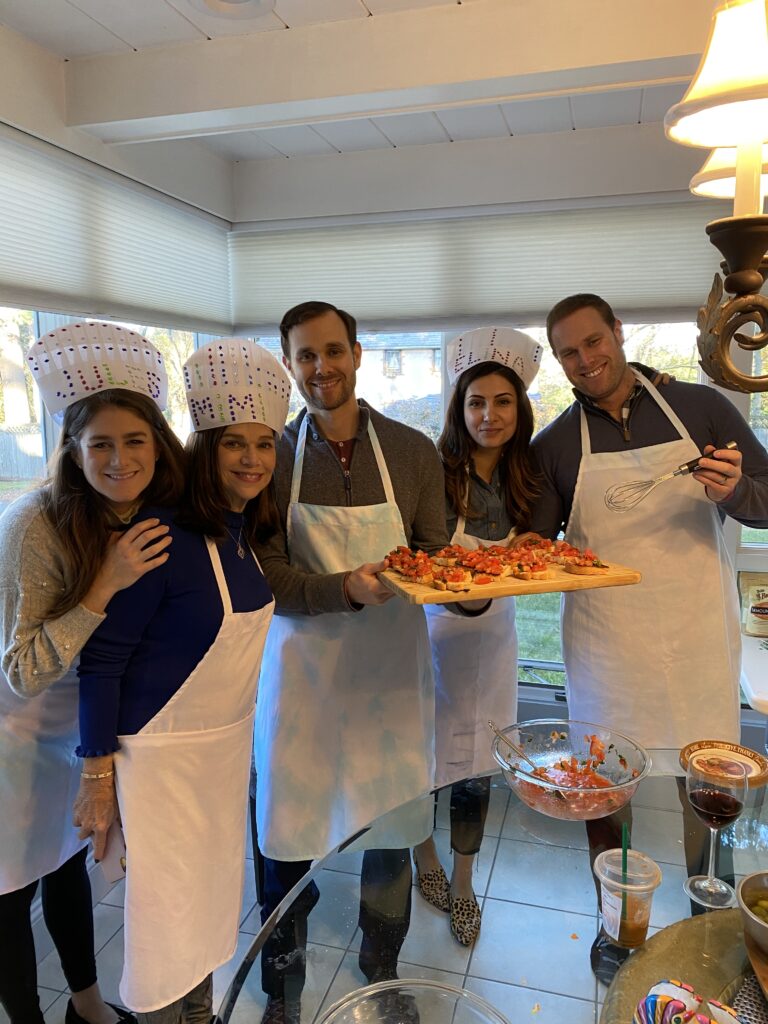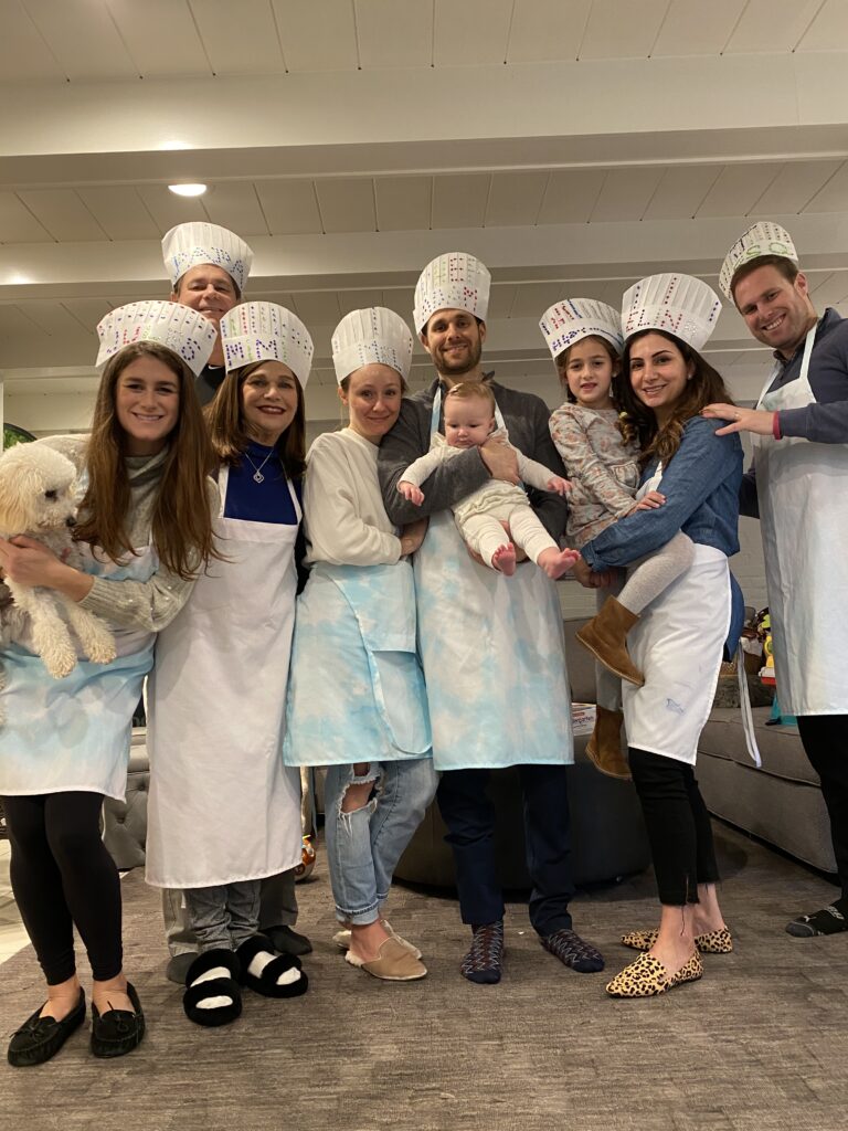 The whole family gathered in front of the sceen in the comfort of their home, to cook:
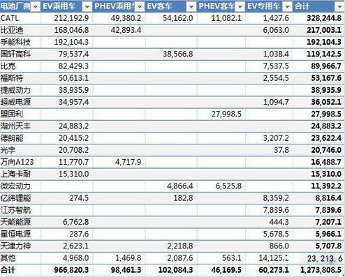 2017年第一季度新能源汽車市場(chǎng)電池供應(yīng)量
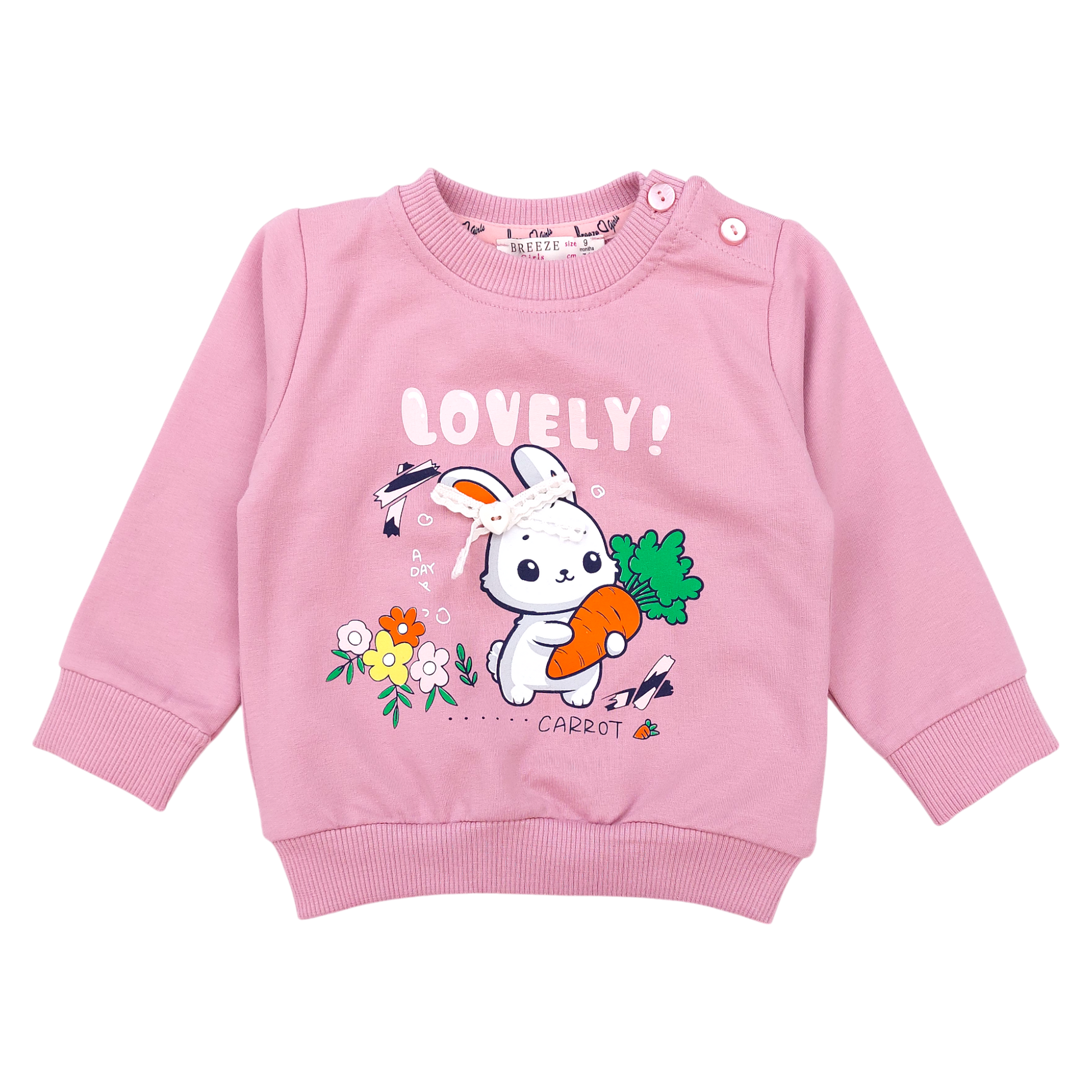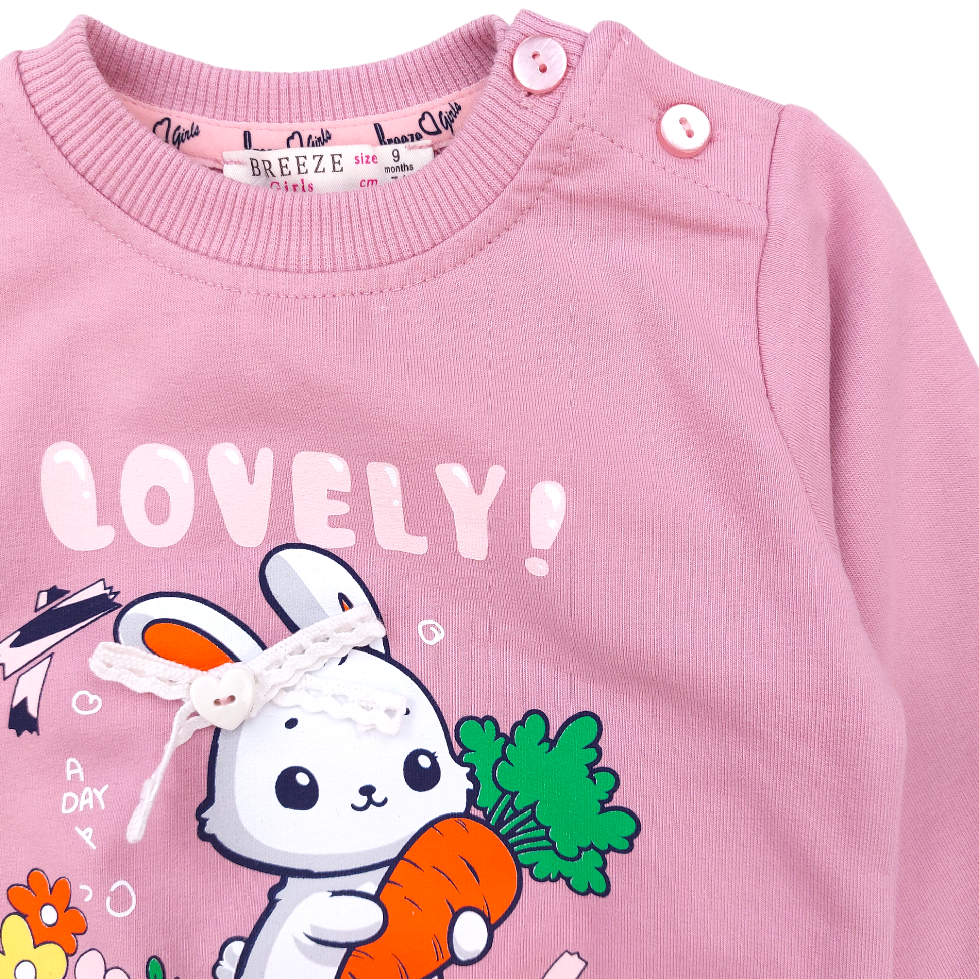 Cute Breeze Girls Tracksuit is the perfect set for every little princess who values comfort and style. A long-sleeved sweatshirt made of high-quality cotton with added elastane, provides comfort and the right elasticity. It is distinguished by a beautiful print of a bunny holding a carrot and the inscription "Lovely!", which adds charm to the sweatshirt. Practical shoulder fastenings make it easier to put on and take off the sweatshirt, which is particularly convenient in everyday use.

*Prompt:* Begin at the first line of the data above and repeat each line exactly, stopping after the line containing "2017年第一季度新能源汽車市場(chǎng)電池供應(yīng)量". Omit the pictures.

*Response to the task:*
 The whole family gathered in front of the sceen in the comfort of their home, to cook:
 2017年第一季度新能源汽車市場(chǎng)電池供應(yīng)量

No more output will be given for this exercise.